====== PROVIDED MATERIAL
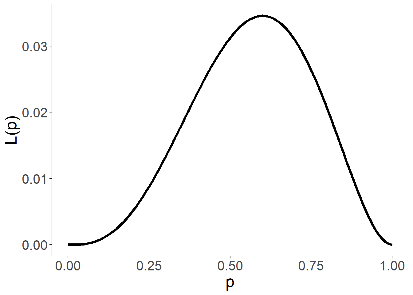 \[L(p)=p^3(1-p)^2,\ p\in (0,1).\]图像如下
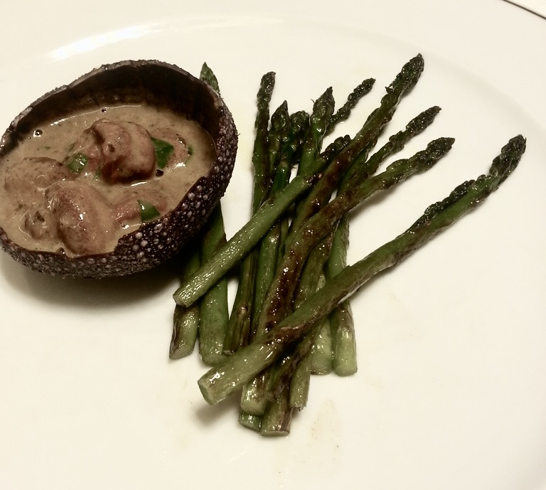 Letzte Woche war es Seeigel, diese Woche nicht. Das hängt immer davon ab, ob man beste Ware bekommt oder nicht. Diesbezüglich muss man streng sein. Letzte Woche hatten wir auch gepökelte Kalbszunge in Madeirasauce. So geht das mit mir seit 56 Jahren, das ist mein Leben und es ist gut so, das hält in Schwung.
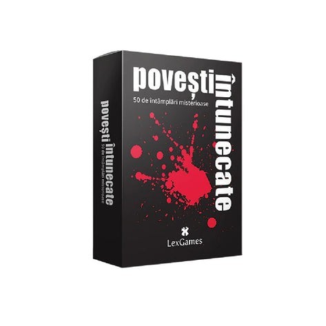 Povesti intunecate !! Este un joc de petrecere cu 50 de intamplari ciudate, 31 de crime, 49 de cadavre, 11 criminali, 12 sinucideri si o cina mortala. Cum s-au intamplat? Rezolva misterul. Reconstruieste fiecare incident, piesa cu piesa, punand intrebari, ghicind sau analizand evidentele! Contine: 50 de carti, 1 regulament. Varsta recomandata: 12+ ani. Dimensiuni set: 13.5 x 9.5 x 2.5 cm.
============
- [YOUR TASK] The result should be a verbatim copy of the data, free of pictures.

- [ANSWER SPACE]
 \[L(p)=p^3(1-p)^2,\ p\in (0,1).\]图像如下
 Letzte Woche war es Seeigel, diese Woche nicht. Das hängt immer davon ab, ob man beste Ware bekommt oder nicht. Diesbezüglich muss man streng sein. Letzte Woche hatten wir auch gepökelte Kalbszunge in Madeirasauce. So geht das mit mir seit 56 Jahren, das ist mein Leben und es ist gut so, das hält in Schwung.
 Povesti intunecate !! Este un joc de petrecere cu 50 de intamplari ciudate, 31 de crime, 49 de cadavre, 11 criminali, 12 sinucideri si o cina mortala. Cum s-au intamplat? Rezolva misterul. Reconstruieste fiecare incident, piesa cu piesa, punand intrebari, ghicind sau analizand evidentele! Contine: 50 de carti, 1 regulament. Varsta recomandata: 12+ ani. Dimensiuni set: 13.5 x 9.5 x 2.5 cm.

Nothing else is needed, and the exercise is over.